The Frankies were organizing a defense: then Eagles must be under attack, and from the air. Eagles had always been considered impregnable from the air, but he realized now, with senses sharpening a little, that with the citadel in ruins, the defenses at the bottom of the mountain shattered and unmanned, it was a different thing.
The giant on the mountain had been crippled and mutilated; now the harpies would come.
Climbing again into the open courtyard, he saw them: slender, tilt-winged shapes, bobbing and swooping in the violent up-currents. Each one was trailing a fierce tail of fire; he could make out the tiny bubble, and the pilot's head. They were two-man aircraft of a type he had never seen, modified copters with a makeshift rocket assembly at the tail. The rockets gave them enough power to maneuver, in the winds at the mountaintop; even so, they were swinging wildly in the treacherous updrafts, and Dick saw one pinwheel against the side of the mountain, exploding into a bright flare that drifted downward, a spark, diminishing. Each one must have a Gismo in it, he realized dazedly, to make it possible for a plane of that size to use sustained rocket power: in ordinary times, no one would have dared to try such a thing, not even the Boss; it must have been done on the spur of the moment ...

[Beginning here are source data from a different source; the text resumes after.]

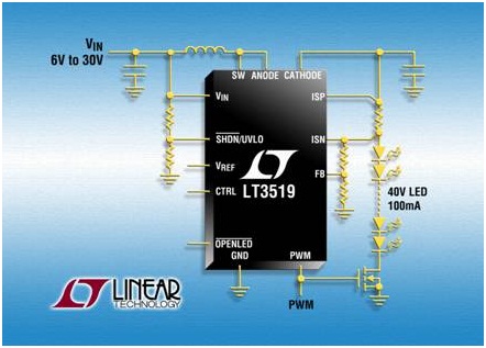 LT3519 在 LED 的高端檢測輸出電流,從而可實現降壓、降壓-升壓或升壓型配置。結合傳統電壓反饋和獨特的浮動電流檢測反饋,這些轉換器可以作為恒定電壓或恒定電流源工作,從而提供最大的設計靈活性。其它特點包括:開路 LED 保護、軟啟動和熱保護。
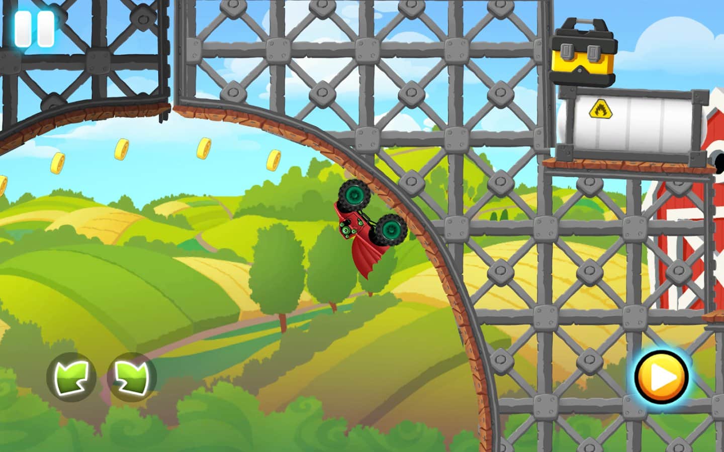 Canavar Kamyonları Aksiyon Yarışı – canavar kamyonunu kontrol altına alın ve onu oyunun tehlikeli parkurlarında yönlendirin. Bu oyunda, şekil değiştirebilen bir kamyonu yöneteceksiniz ve bu sayede tehlikeli engelleri ustalıkla geçeceksiniz. Delice bir hızla oyunun zorlu parkurlarında yarışın; burada dik yamaçlara tırmanacak, döngülerden geçecek, dar köprülerden, ateşli tünellerden ve su engellerinden sıyrılacaksınız. Ekstrem yarışlara hazırlanın ve arabanızı kullanma yeteneğinizi sergileyin. Yol boyunca altın paraları toplamayı ve mükemmel bonusların gizlendiği gizli yerleri açmayı unutmayın.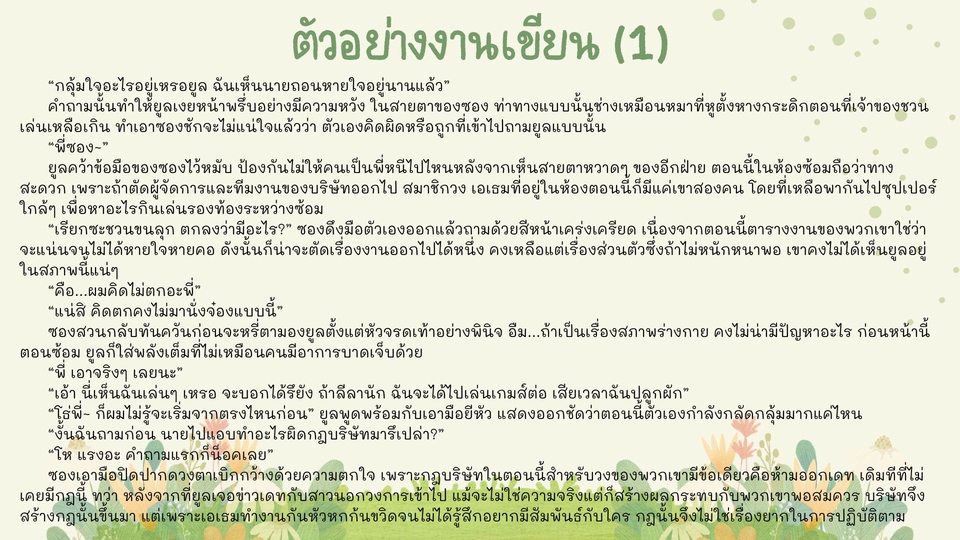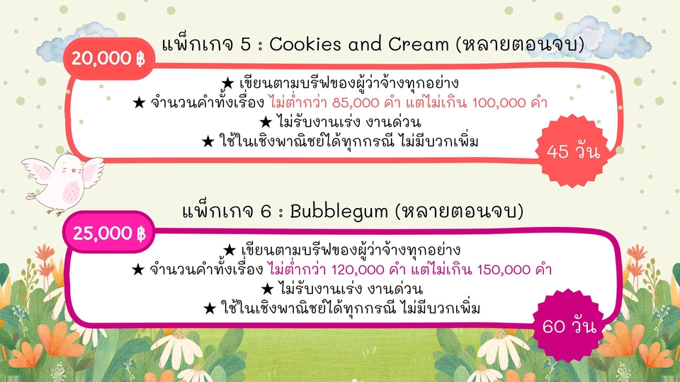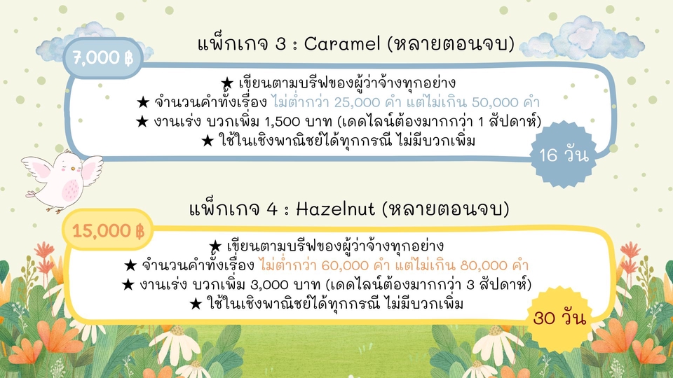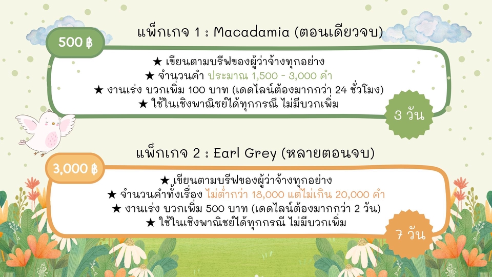 ฿7,000★ เขียนตามบรีฟของผู้ว่าจ้างทุกอย่าง ★ จำนวนคำทั้งเรื่อง ไม่ต่ำกว่า 25,000 คำ แต่ไม่เกิน 50,000 คำ ★ งานเร่ง บวกเพิ่ม 1,500 บาท (เดดไลน์ต้องมากกว่า 1 สัปดาห์) ★ ใช้ในเชิงพาณิชย์ได้ทุกกรณี ไม่มีบวกเพิ่ม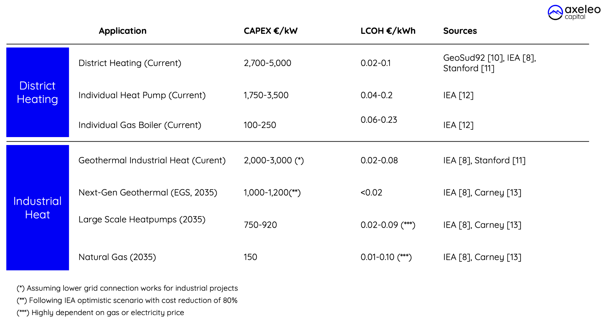 However finding the resource next to the plant is not so common, when the distance increase you hit the same 2,000-3,000 range. The Rittershoffen Roquette project (2016) for instance reached 2,300€/kW delivering steam at 165° with a 10km pipe work to connect the ressource to the facility. [9]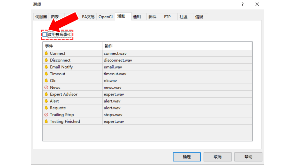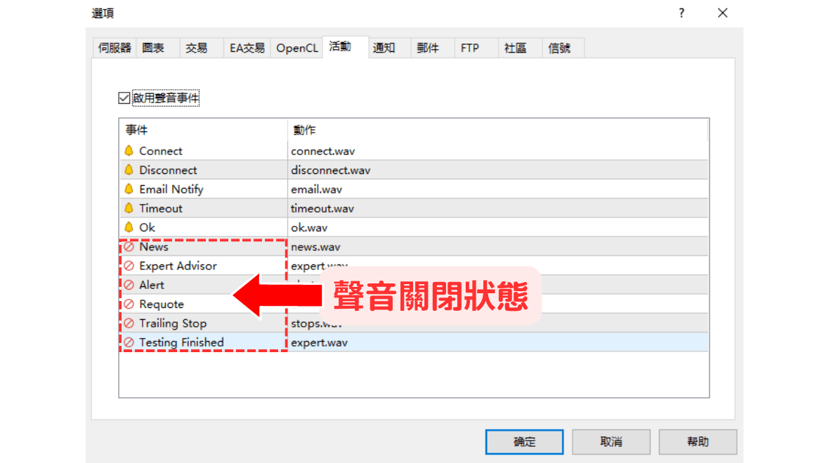如果您只想停止某些特定声音,请确保「启用声音事件」的勾选框处于勾选状态,然后双击事件列表中的「动作」栏位,可以切换声音的开启或关闭。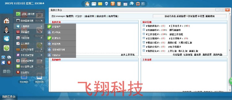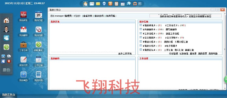 本人办公室:內部电子邮件、Internet电子邮件、短信内容、手机信息、公示通告、新闻报道、网络投票、本人考勤管理、行程安排、工作日记、工作情况汇报、手机通讯录、本人铁皮文件柜、操作面板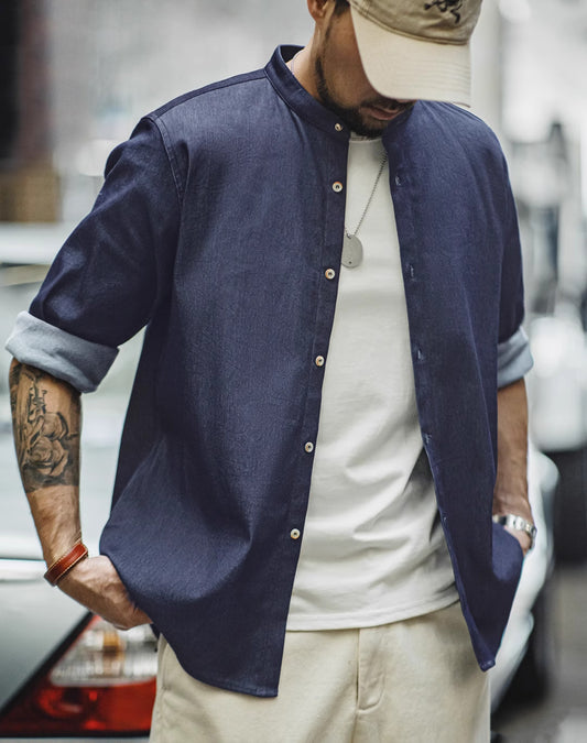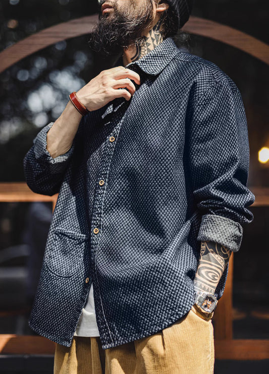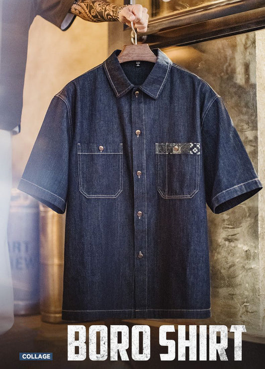 American Retro Boro Denim Resurgence Blue Dye Lapel Men's Shirt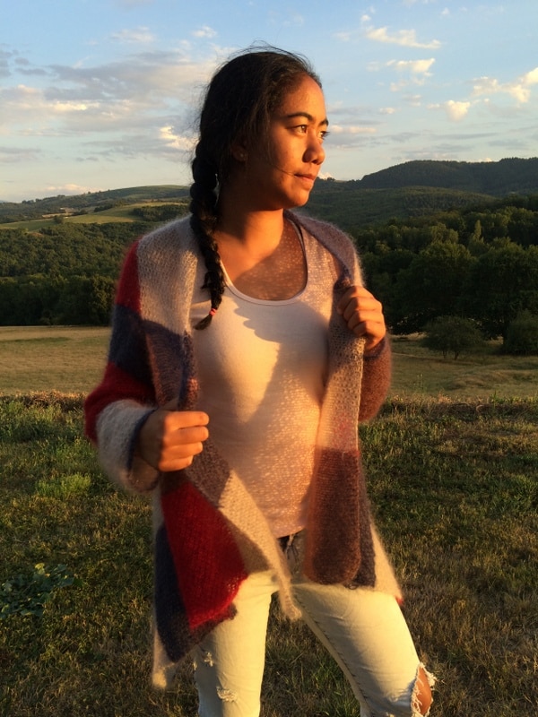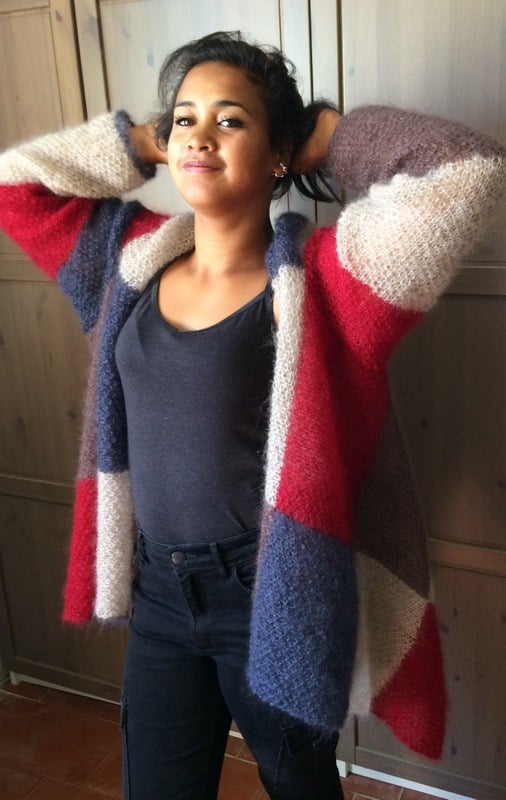 Hyper légère et moelleuse, cette veste vous réchauffera en un clin d’oeil ! Ce sont des carrés de différentes couleurs que l’on tricote en même temps. Le mohair super kid Précieuse est super agréable à tricoter et il est tout doudou. Parfois nous pouvons être en rupture dans une des couleurs de la veste, nous vous en avertissons pour un remplacement.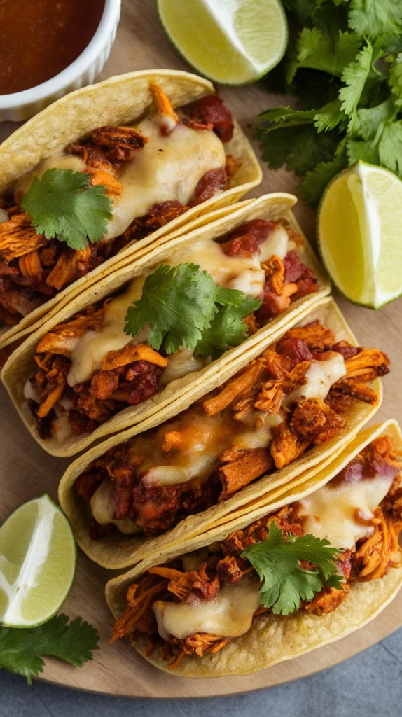 What makes these tacos so addictive? It’s the perfect balance of textures and flavors. You’ve got crispy tortillas, gooey, melty vegan cheese, and a savory filling soaked in a smoky, flavorful broth.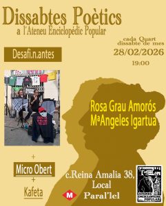 La Traviata de Giussepe Verdi12 febrer, 19:00Òpera a l’Ateneu XERRADA AMB FRAGMENTS DE VIDEO DE L’ÒPERA DE VERDI, AMB INFORMACIÓ SOBRE EL COMPOSITOR I LA GESTACIÓ DE L’OBRA, A CÀRREC DE JOSEP M. JENÉPresentació Enciclopèdic 45 a l’Ateneu Llibertari del Palomar13 febrer, 19:00 - 21:00Compartim, amb els companys i companyes de l'Ateneu Llibertari del Palomar, els processos i continguts de la revista de l'Ateneu EnciclopèdicMenys prohibicions, més drets. Contra l’Ordenança del civisme17 febrer, 19:00L’aprovació de la nova ordenança cívica el passat 19 de desembre (amb els vots a favor de PSC, Junts i ERC, i per descomptat de PP i Vox) i la... Read more » Totes les activitats L’Ateneu Enciclopèdic Popular torna després de més de 80 llargs anys d’absència imposada, al mateix barri que el va veure nèixer i créixer durant 37 anys, i torna amb la mateixa voluntat de ser una eina útil al servei dels treballadors i treballadores per a construir plegades i des de l’autogestió espais naturals de llibertat. Reina Amàlia, 38 De dilluns a dissabte de 18:30 a 21 h. Centre de documentació històrico social El CDHS/AEP recupera un cartell que és una història Un any més hem celebrat les Festes Alternatives i Populars del Raval, i ja són 20 edicions Ens ha deixat en Marcel·lí Reyes Sobre el Ateneu Enciclopèdic Popular, article de Valeria Giacomoni Taula Rodona: Perspectivas sobre los anarquismos L’Ateneu Enciclopèdic /CDHS al Centenari de l’AIT Presentació de La revolución sexual de nuestro tiempo, de Nadia Florencia Ledesma Prietto La Fàbrica, de Jordi Soler presentació a l’ateneu enciclopèdic El señorito, Margarita Amador La Novela Ideal 558, 21 de abril de 1937 Claudio Venza ens ha deixat avui a la seva ciutat natal, Trieste. Un amic de l’Ateneu Enciclopèdic que marxa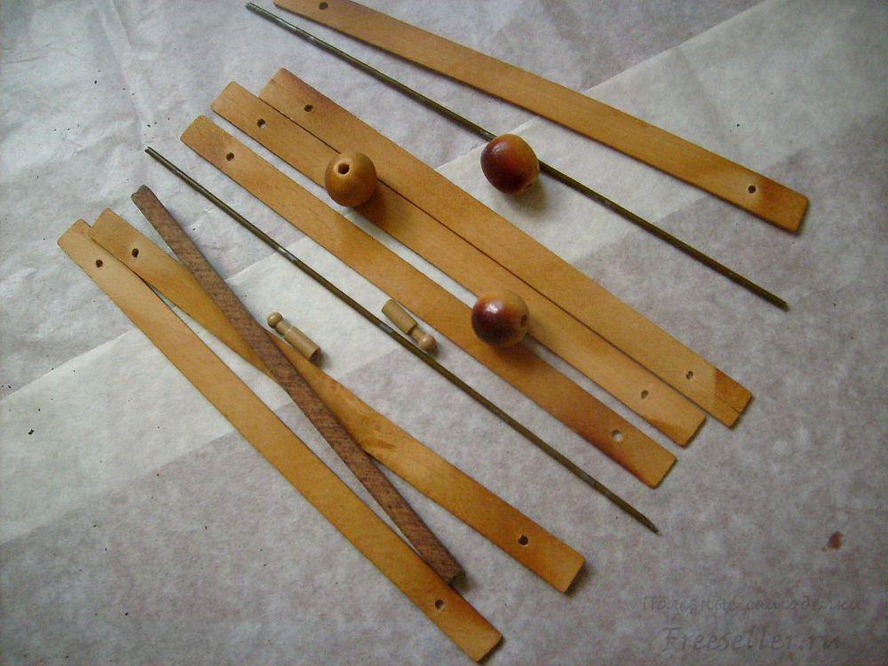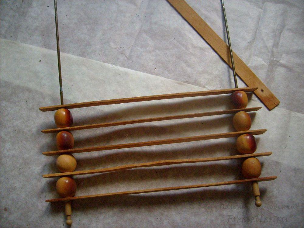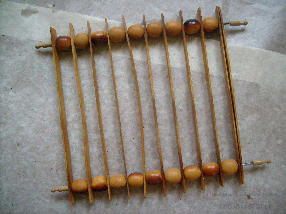 2. Начинаем собирать нашу шторку. Нанизываем на спицы планки поочерёдно с бусинами.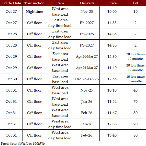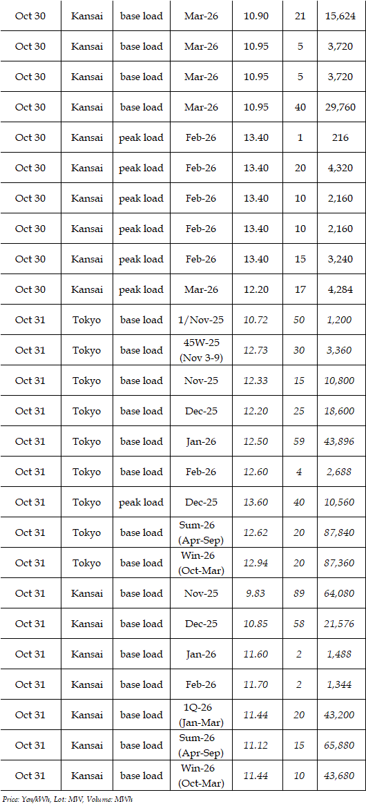 The spread of the 24-hour spot average between Tokyo and Kansai, a major market area in East and West Japan, was Yen 3.34 on Oct 27, Yen 3.64 on Oct 28, Yen 3.57 on Oct 29, Yen 2.20 on Oct 30, and Yen 1.13 on Oct 31 in favor of the East.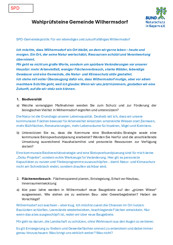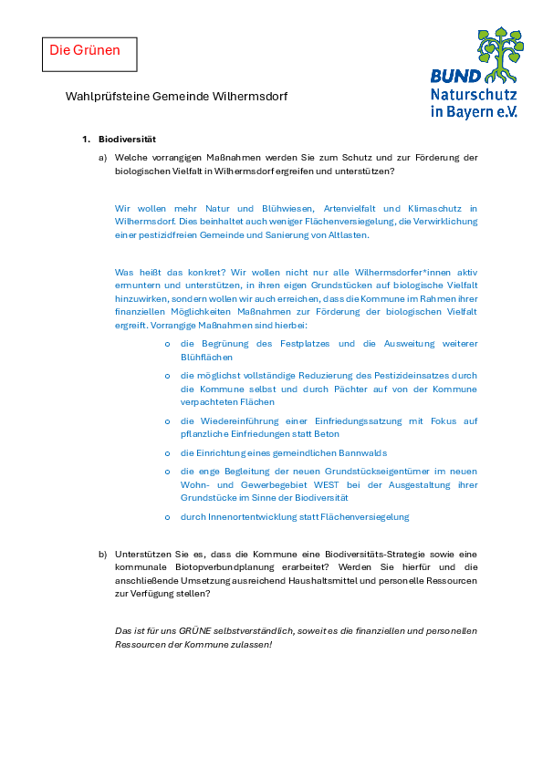 Der BUND Naturschutz in Wilhermsdorf hat Ende Januar 2026 an die Fraktionsvorsitzenden der demokratischen Parteien in Wilhermsdorf einen Fragebogen mit “Wahlprüfsteinen” verschickt und um Antwort bis 15.2.2026 gebeten.

He was dimly aware of a popping of gunfire somewhere to his left. Turning to look, he saw a cluster of dark figures with rifles on an exposed platform, just before a sudden blossom of masonry expanded around them. One of the swift, bobbing planes passed erratically over and rose in the updraft; he saw its rocket flaming distantly as it turned to dive again. Others were crisscrossing over the broken field of Eagles' roofs, a landscape as skeletal as the Moon's, with topless towers gaping like the shattered mouths of cannon. Here and there, other white puffs spouted briefly where the planes passed. Dick saw no bombs falling, and realized that the tiny flyers must be firing explosive shells. More roofs winked into ruin as he watched. Under the candid sky, the gray corruption seemed to stir itself, like something half-alive, writhing in pain.
There was a clatter of feet and three men came straining up the staircase below bun, breathing in hoarse gasps, with a mounted machine gun between them. Ignoring Dick, they set the gun up near the parapet. A plane swooped overhead, quick as a hummingbird; they trained the gun futilely after it, then turned it toward a more distant plane and began firing. Deafened, Dick saw the ejected shells spring out glittering in the pure air. Across the roofs, other guns were flashing. A plane burst in midair, first a fireball, then a greasy drifting smoke; wreckage whined and rattled around them, and Dick crouched instinctively under the parapet.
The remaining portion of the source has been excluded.